The experimental results of the time-consuming comparison of the three algorithms under standard network data sets are shown in Table 4 and Figure 7. The corresponding experimental results of the accuracy comparison are shown in Table 5. The experimental results of the time-consuming comparison of the three algorithms under UCI standard data sets are shown in Table 6. The corresponding experimental results of the accuracy comparison are shown in Table 7. “OT” in Tables 4, 6, and 7 indicates that the execution time of the algorithm exceeded the upper limit. We set the time limit in this study to 3 days. “OM” indicates that the storage space required by the algorithm exceeded the memory of the computer. “Nodes” denotes the number of nodes in the network, “Edges” denotes the number of edges of the network, and “Tns” denotes the total number of states for all of the nodes. The confidence level of the CBDP algorithm was set to be 0.05 when computing dependency constraints [33]. The DFSDP algorithm and the CBDP algorithm both exceeded the time limit on all of the sample data sets when learning the Child network. All of three algorithms exceeded the memory limit on all of the sample data sets when learning the Insurance network. Thus, we did not compare the learning accuracy of these two networks in Table 5.

(a)

(b)

(c)

(d)

(e)

(f)

Based on the execution time overhead of DFSDP algorithm, the ratio of execution time of the CBDP algorithm and the BFSDP algorithm overhead to baseline is shown in Figure 7.

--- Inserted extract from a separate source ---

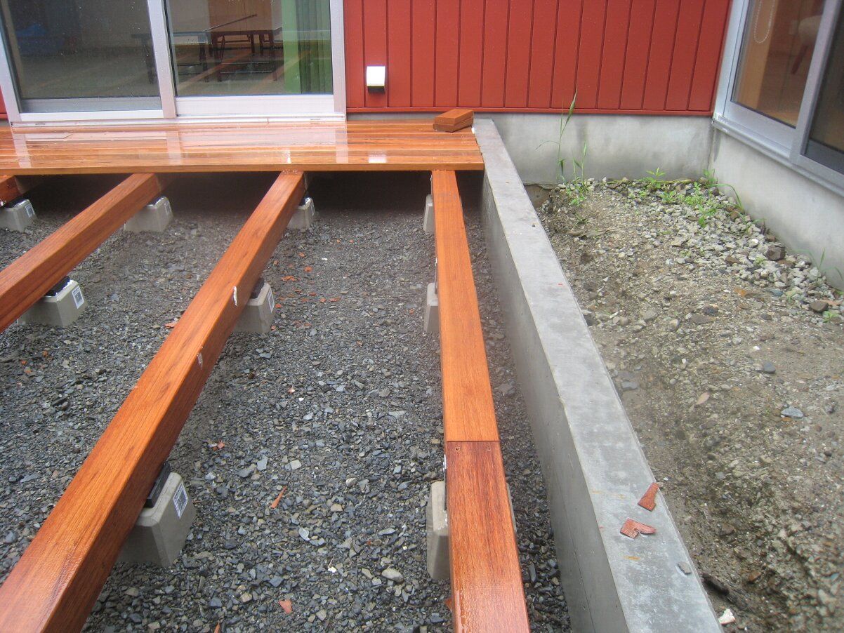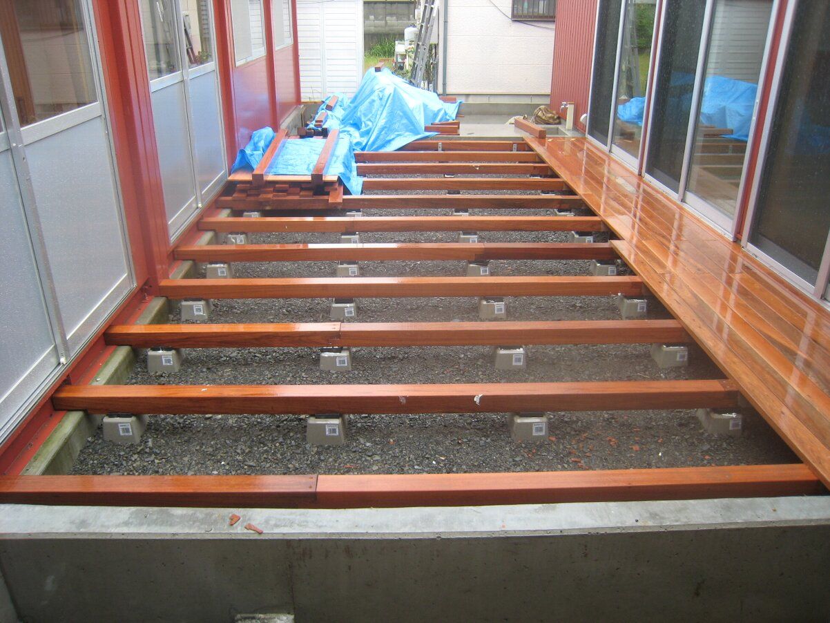 中庭ウッドデッキの床組もいよいよ始まりました。

According to the time-consuming comparison results, because the DFSDP algorithm adopted the depth-first search strategy, which required a repetitive backtracking operation, the execution efficiency of this algorithm was the slowest among all of the data sets. Compared with the DFSDP algorithm, the CBDP algorithm constructed a parent graph according to dependency constraints, but the algorithm was still executed under the depth-first strategy, and the efficiency was enhanced significantly. The CBDP algorithm could reduce the running time by −3.70% to 84.74% (57.10% in average) compared with the DFSDP algorithm. The BFSDP algorithm adopted a breadth-first search strategy, and no backtracking operation was required. Its efficiency was higher than that of the DFSDP algorithm on all of the data sets. The BFSDP can reduce the running time by 9.97% to 98.57% (50.02% in average) compared with DFSDP. The average efficiency improvement percentage of the CBDP algorithm was higher than that of the BFSDP algorithm because in small-scale network learning, the efficiency improvement of the CBDP algorithm was more significant. When the scale of the network was small (nodes less than 6), the efficiency of the CBDP algorithm was higher than that of the BFSDP algorithm. If the scale of the network becomes larger, the BFSDP algorithm will be more efficient.

When the scale of the network was small, the difference in efficiency between the depth-first search strategy and breadth-first search strategy was not obvious, and the effect of constraints on the efficiency of the algorithm was more significant. As the scale of the network grew, improvements in the efficiency of the algorithm made by the search strategy were more significant than those made by the constraints. When the scale of the network structure was further enlarged (larger than 20), only the BFSDP algorithm could find the optimal network within the time limit, whereas the DFSDP algorithm and CBDP algorithm both exceeded the time limit defined in this study. When the number of nodes in the network was greater than 26, the storage space required by all three algorithms exceeded the computer memory.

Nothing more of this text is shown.